Yesterday super-upmarket estate agent Savills said the capital's luxury housing market 'cooled' in the first quarter, while demand for big-money homes outside the centre has risen.

by Emma Haslett
Last Updated: 03 Jun 2014

All this ‘bubble’ talk about central London seems to have had an effect on house buyers: for the first time in ages, prices in Prime Central London – that’s everywhere from Mayfair to Bloomsbury to Chelsea and Notting Hill – have begun to cool, according to posh estate agent Savills, which published its first quarter results yesterday.

Apparently prices flattened out at the end of the market most of us can only dream about: £10m plus. That coincided with a rise in demand for homes between £1m and £2m (well-appointed bedsits, then) in the north, east and south west of London. (It’s worth pointing out that anything above £2m incurs the sort of stamp duty that makes Roman Abramovich shudder).

According to a Savills spokesperson, Prime Central London is still showing about 9% year-on-year growth, about 2% in the first quarter of the year. This slowdown wasn’t unexpected: ‘This is in the tiny sliver at the top of the market where values are about 50% above peak [ie. pre-recession]. They’ve had a bit of a storm and they need to pause for breath. It’s completely expected, and if anything a bit overdue.’

Indeed: Savills’ most recent forecast shows house price growth will slow from 8.5% this year to 6% in 2015, 4% in 2016 and 2% the following year. Which is at least a bit of good news for savers desperately trying to make their deposits catch up with inflation in prices.

?That said, Savills and its rival, Knight Frank, have been predicting a slowdown in the sector for several months now, and we have yet to see anything particularly noteworthy. Critics of the Help to Buy scheme say the government should scrap it to cool down demand.

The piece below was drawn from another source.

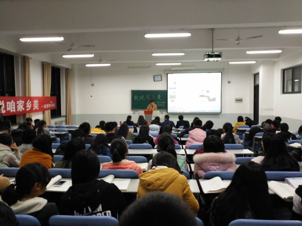 在主持人的精彩开场后,比赛正式拉开帷幕。各班参赛选手按照赛前抽签顺序依次进行PPT展示。各参赛班级的代表通过生动的PPT展示,简洁有力的演讲,展示了自己独特的家乡风貌。作品别出心裁,各具创意。现场观众热情高涨,气氛活跃,掌声不断。经过各班同学的精彩展示和评委评比,经济16-5班获得一等奖,经济16-3班,农经16-1班获得二等奖,经济16-4班,工商16-2班,国贸16-1班获得三等奖。
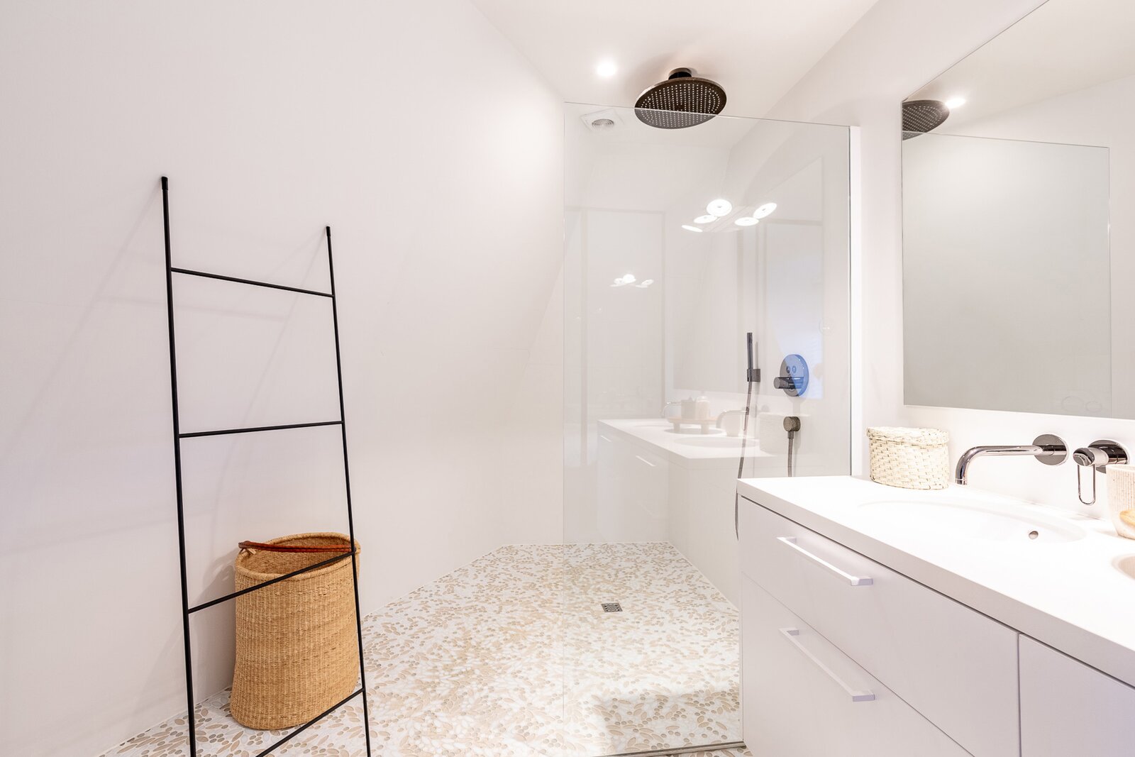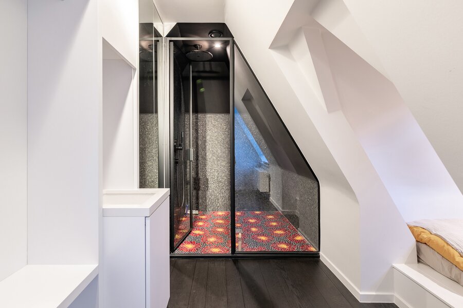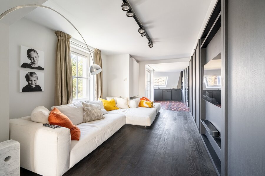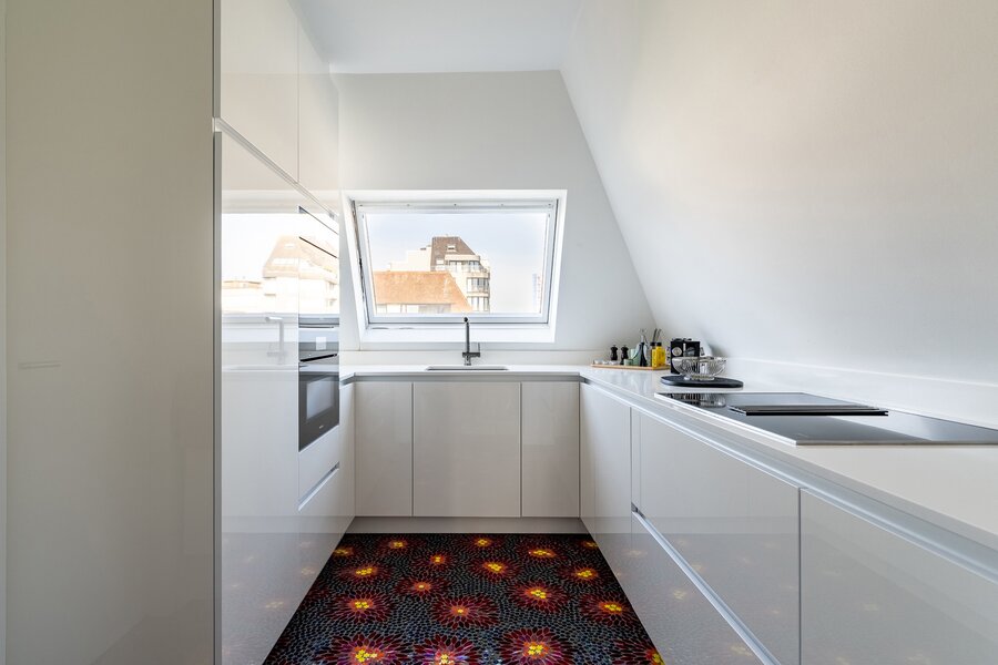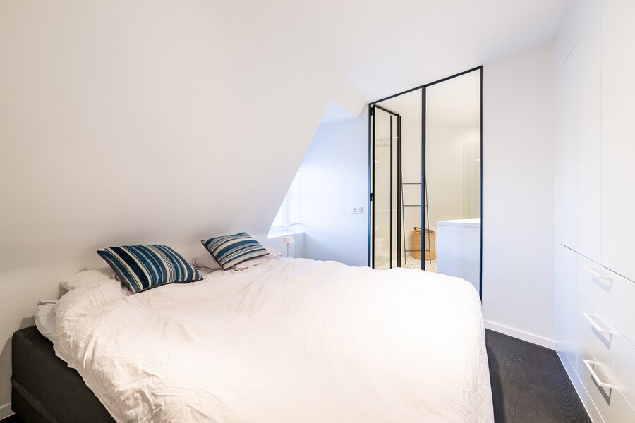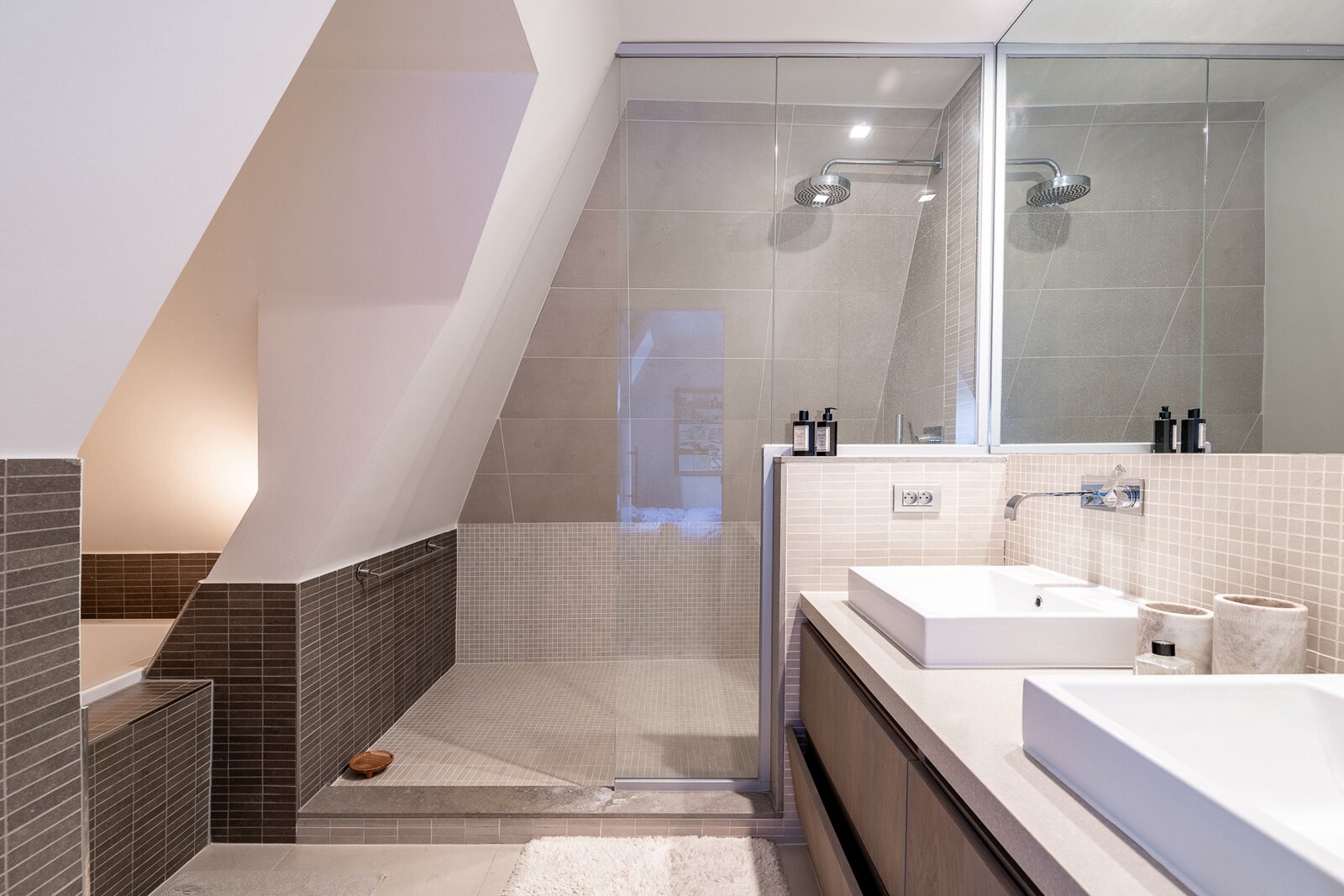 This unique villa penthouse is located in a small residential building on Albertstrand beach and offers an exceptional sense of space, light, and comfort. The entrance hall with security door, cloakroom, and guest toilet leads to a spacious dining room with fireplace, a reading corner, and a generous living area with built-in cupboards. There is also a cozy TV room and a luxuriously equipped bar with dishwasher. The fully fitted kitchen features all MIELE appliances, ample storage space, and a pleasant breakfast area. The apartment comprises five bedrooms, each with its own bathroom, complemented by a separate toilet and a laundry room. Every room opens onto one of the six terraces, allowing you to choose between sun and shade at any time of the day. Automatic sun blinds and air conditioning ensure optimal comfort. Recently renovated using high-quality materials such as parquet flooring, glass mosaic floors, and bespoke oak veneer finishes, this apartment is completely move-in ready. There is also the option to purchase an underground parking space. A villa penthouse with this living area, five bedrooms, and five bathrooms is an exceptionally rare find in this prime beachfront location.

Admittedly, with its £600,000 cap, Help to Buy isn’t even close to applying to the capital’s most expensive homes. But, as with everything, a rise in prices at the top end of the market will eventually filter down. And although slowing demand in £10m+ properties suggests the number of job-creators (ie. super rich entrepreneurs and business people) is slowing, it’s sales of one-bed new-builds in Forest Hill and Norbiton that will keep the recovery ticking over.

So ludicrous prices like the £140m some poor sod paid for a flat in One Hyde Park affect the entire market. But that’s supply and demand, innit? Build more homes, and property prices will look after themselves.